__Given data__:
= = = = =

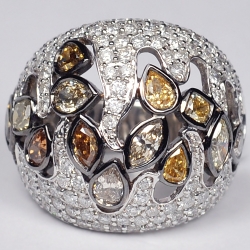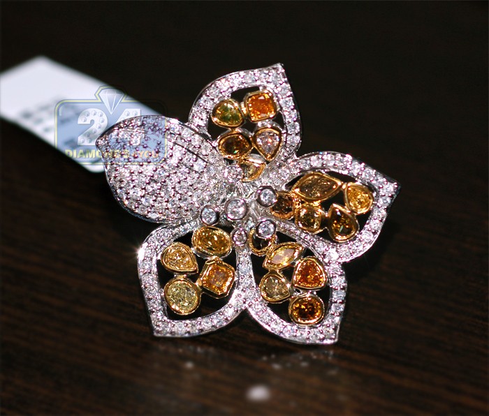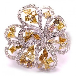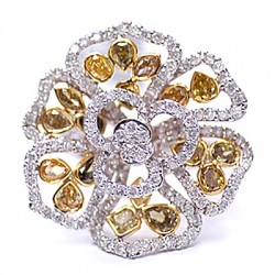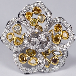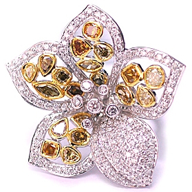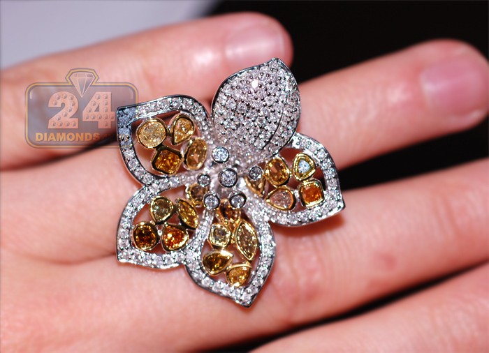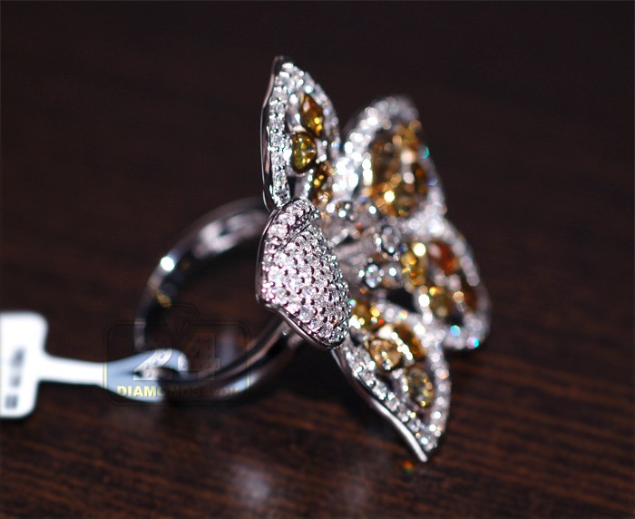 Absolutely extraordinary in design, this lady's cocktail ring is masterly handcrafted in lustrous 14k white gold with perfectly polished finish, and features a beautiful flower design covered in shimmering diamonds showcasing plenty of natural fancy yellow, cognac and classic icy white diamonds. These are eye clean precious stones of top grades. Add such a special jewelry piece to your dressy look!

= = = = =

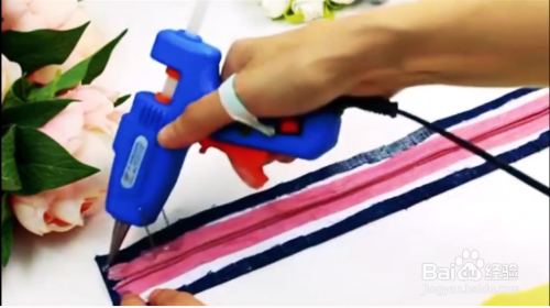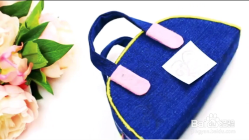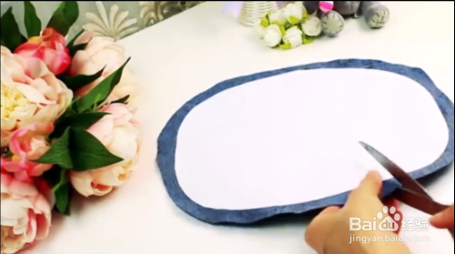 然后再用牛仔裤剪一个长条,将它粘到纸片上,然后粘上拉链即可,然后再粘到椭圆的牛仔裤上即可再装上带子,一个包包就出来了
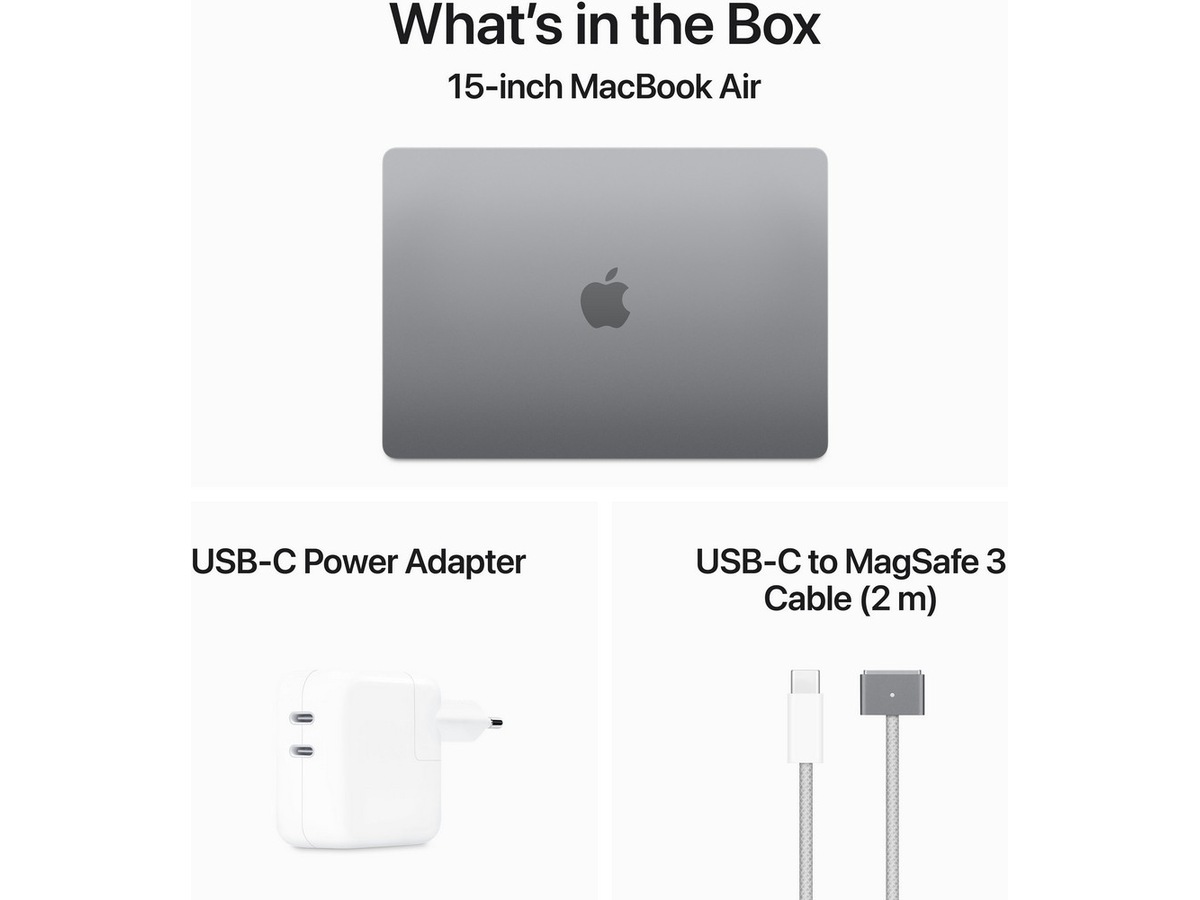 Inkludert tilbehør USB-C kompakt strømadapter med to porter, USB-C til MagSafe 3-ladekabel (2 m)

= = = = =

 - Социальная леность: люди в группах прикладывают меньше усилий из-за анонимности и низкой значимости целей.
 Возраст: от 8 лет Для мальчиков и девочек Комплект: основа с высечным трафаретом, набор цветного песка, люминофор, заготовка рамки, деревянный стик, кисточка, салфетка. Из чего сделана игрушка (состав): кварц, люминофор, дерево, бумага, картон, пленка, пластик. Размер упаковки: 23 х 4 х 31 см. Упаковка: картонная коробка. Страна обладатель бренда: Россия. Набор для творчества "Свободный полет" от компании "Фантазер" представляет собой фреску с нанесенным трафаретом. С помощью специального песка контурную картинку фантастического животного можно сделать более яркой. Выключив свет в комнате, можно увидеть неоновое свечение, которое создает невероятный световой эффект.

= = = = =

__Task item__: Print, from the entries above, the line with "- Социальная леность: люди", the line with "Возраст: от 8" and all lines between them, exactly and with nothing else.

__Solution for this task__:
 - Социальная леность: люди в группах прикладывают меньше усилий из-за анонимности и низкой значимости целей.
 Возраст: от 8 лет Для мальчиков и девочек Комплект: основа с высечным трафаретом, набор цветного песка, люминофор, заготовка рамки, деревянный стик, кисточка, салфетка. Из чего сделана игрушка (состав): кварц, люминофор, дерево, бумага, картон, пленка, пластик. Размер упаковки: 23 х 4 х 31 см. Упаковка: картонная коробка. Страна обладатель бренда: Россия. Набор для творчества "Свободный полет" от компании "Фантазер" представляет собой фреску с нанесенным трафаретом. С помощью специального песка контурную картинку фантастического животного можно сделать более яркой. Выключив свет в комнате, можно увидеть неоновое свечение, которое создает невероятный световой эффект.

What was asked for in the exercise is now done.